Leju's product portfolio already spans multiple robot form factors and price points, creating upsell opportunities within existing customer relationships. The company's joint venture with Haichen to develop the Sailian Aura industrial-grade humanoid targets factory logistics, an adjacent market worth over $30 billion where mobile manipulators are replacing fixed conveyor systems.

The 5G-enabled demonstration robot developed with China Mobile and Huawei supports ultra-low-latency teleoperation and cloud inferencing capabilities. This enables robot-as-a-service business models for malls, airports, and smart city operators who prefer operational expenses over capital equipment purchases.

Management's roadmap includes an open humanoid robot platform that would generate recurring software revenue from third-party developers, shifting the revenue mix from hardware manufacturing toward software and ecosystem coordination.

Customer base expansion

Leju's cost reduction roadmap targets a price point of approximately $20,000 by late 2025, opening security patrol, delivery, and consumer segments measured in millions of potential units rather than thousands. This shifts focus from B2B research and industrial applications toward mass consumer markets.

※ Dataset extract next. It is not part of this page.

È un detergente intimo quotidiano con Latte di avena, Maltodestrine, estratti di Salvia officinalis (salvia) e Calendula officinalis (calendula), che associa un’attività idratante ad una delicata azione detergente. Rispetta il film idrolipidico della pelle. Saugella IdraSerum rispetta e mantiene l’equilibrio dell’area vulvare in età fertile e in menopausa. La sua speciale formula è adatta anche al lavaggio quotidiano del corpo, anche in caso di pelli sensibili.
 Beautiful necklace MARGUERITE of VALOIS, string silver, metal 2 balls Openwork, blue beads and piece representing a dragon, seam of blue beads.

The partnership with China Telecom packages robots for elder care, safety monitoring, and family companionship, expanding the total addressable market from research laboratories toward consumer IoT applications. Early pilots in smart apartments include integration with home automation systems and voice-controlled assistance.

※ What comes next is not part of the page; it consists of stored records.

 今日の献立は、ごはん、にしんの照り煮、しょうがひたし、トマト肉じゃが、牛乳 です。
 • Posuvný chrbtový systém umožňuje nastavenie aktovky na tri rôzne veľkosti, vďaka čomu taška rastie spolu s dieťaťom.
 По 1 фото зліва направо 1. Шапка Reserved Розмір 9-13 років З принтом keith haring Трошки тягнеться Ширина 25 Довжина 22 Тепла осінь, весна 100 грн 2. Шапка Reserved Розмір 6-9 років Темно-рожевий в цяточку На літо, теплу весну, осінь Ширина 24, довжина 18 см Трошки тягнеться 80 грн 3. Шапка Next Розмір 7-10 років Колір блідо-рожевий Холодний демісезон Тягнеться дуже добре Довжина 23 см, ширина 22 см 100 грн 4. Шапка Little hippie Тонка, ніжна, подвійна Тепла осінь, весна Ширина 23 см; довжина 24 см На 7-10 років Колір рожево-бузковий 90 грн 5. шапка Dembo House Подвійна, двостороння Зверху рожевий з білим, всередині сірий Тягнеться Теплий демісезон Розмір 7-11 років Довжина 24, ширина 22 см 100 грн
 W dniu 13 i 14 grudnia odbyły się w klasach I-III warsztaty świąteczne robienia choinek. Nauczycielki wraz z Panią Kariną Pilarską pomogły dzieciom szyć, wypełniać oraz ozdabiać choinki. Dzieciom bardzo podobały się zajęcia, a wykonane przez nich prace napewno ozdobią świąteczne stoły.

The national joint laboratory with Peking University aims to make Leju's platform a common teaching and research platform, capturing long-tail university and vocational training budgets while building relationships with the next generation of robotics researchers and engineers.

Geographic expansion

International exhibitions including Mobile World Congress in Barcelona provide entry points into European and North American markets where labor shortages create acute demand for general-purpose automation. These markets typically support higher price points than domestic Chinese sales, potentially improving unit economics for export models.

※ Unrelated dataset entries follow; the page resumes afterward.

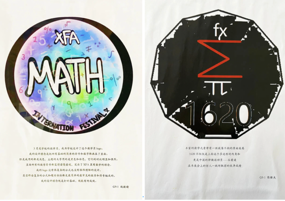 对于掌握了更多数学工具的初中生而言,数学是艺术和创意的载体。他们设计的“数学月Logo”不仅脑洞大开,而且有深刻的内涵。
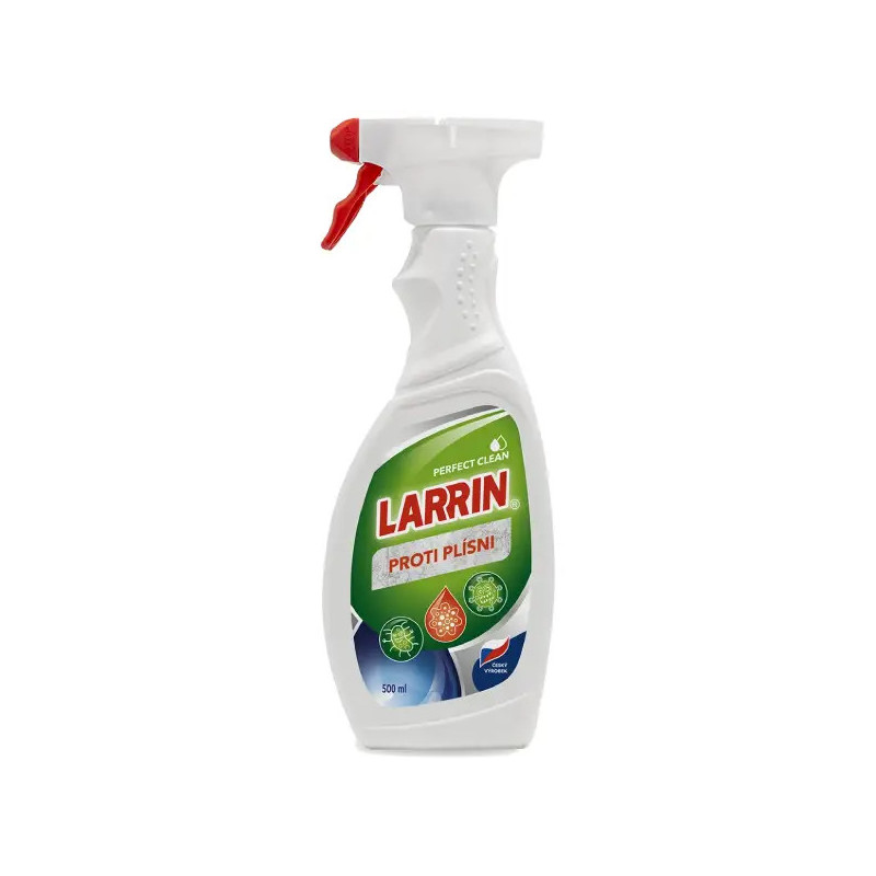 Larrin Proti Plísním Extra je určen k odstraňování plísní a dezinfekci veškerých omyvatelných povrchů (plastové, laminátové, smaltové, keramické, skleněné apod.), které odolávají alkáliím. Má bělící, fungicidní a dezinfekční účinek.
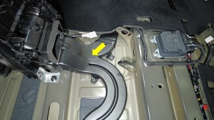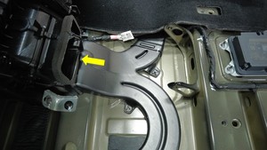 拆卸将中控台左后部固定到车身的螺栓。重复此步骤,完成中控台右后部相关操作。

The pre-IPO financing specifically earmarks funds for deepening industry chain layout and export certification, reducing capital constraints on international scaling. Leju's integration with globally available platforms like HarmonyOS and standard robotics frameworks like ROS 2 facilitates international deployment compared to China-specific software stacks.

Risks

Price compression: Aggressive pricing from competitors such as Unitree, which launched a humanoid robot at $5,500, adds downward pressure on Leju's education robot margins and accelerates required cost reduction in industrial models. Leju faces tradeoffs between quality and features versus price, especially against state-subsidized rivals.

Technology commoditization: As AI models standardize and hardware components become widely available, differentiation from vertical integration may erode. The shift toward foundation models and open-source robotics software lowers barriers to entry for new competitors and could commoditize the software stack that underpins Leju's products.

Market timing: The humanoid robotics industry remains in early stages with uncertain adoption timelines across target markets. If enterprise customers delay humanoid deployments or consumer acceptance develops more slowly than projected, Leju's growth trajectory and valuation could face pressure, particularly given the capital-intensive nature of robotics hardware development.